Arab Art in Tehran

A major fault line hugs the coast of the Persian Gulf, where the Arabian plate grinds up against Eurasia. The historic rivalry between Iran and the Arab nations across the Gulf underwrites today’s increasingly tense jostling for territory, religious influence, and geopolitical dominance. New fissures have emerged in the proxy wars currently playing out in Yemen and Syria; animosity between Iran and member states of the Gulf Cooperation Council (GCC) is at an all-time high.

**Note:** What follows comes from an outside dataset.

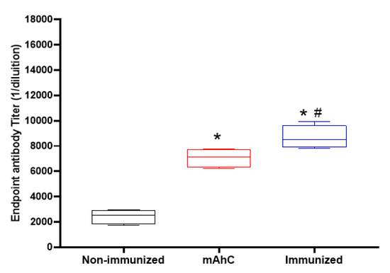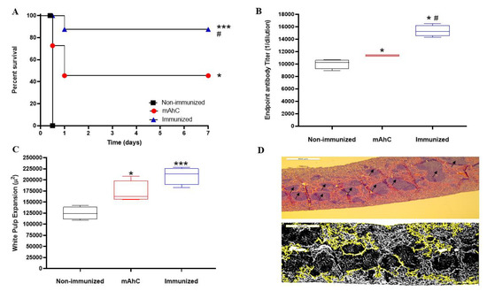 Statistical analysis was performed using the GraphPad Prism software GraphPad Software Inc. San Diego, CA, USA. The Kruskal–Wallis analysis of variance test was used to compare non-immunized, mAhC-treated, and immunized animals (regarding immunization efficiency). The following parameters were compared: the number of surviving animals according to the Kaplan–Meier survival curves was used with the log-rank test (Mantel–Cox test) and those with symptoms, white blood cell count, and IgG production. Histopathological damage and white pulp expansion were used to compare non-immunized versus adjuvant-treated and non-immunized versus immunized animals. The significance level was p < 0.05, and we included the 95% confidence interval. The Student’s t-test was used for comparisons of means of experimental parameters.

What better time, then, to show Arab artists for the first time in Iran? Mohsen Gallery in Tehran has taken up the historic task with “Spheres of Influence,” a group show organized by New York-based curator Lila Nazemian, on view through May 11. It seems hard to believe that works by Arab artists haven’t appeared in Tehran before—especially when the United Arab Emirates serves as the primary clearinghouse for Iranian art—until you consider just how heavily domestic their scene has been in the last century. The closest analogue was the display of work by Turkish artists at the 1966 Tehran Biennial—Middle Easterners, but not Arabs. Even the much-beleaguered Tehran Museum of Contemporary Art’s formidable collection of Western blue-chip works has remained largely unseen since 1979. Nazemian has judiciously avoided attempting a survey, instead putting together a tight five-person show. Significantly, all the artists are from either Gulf countries (Saudi Arabia, Kuwait, the UAE) or Iraq, an associate GCC member until 1990; most could not attend because of the volatile political climate.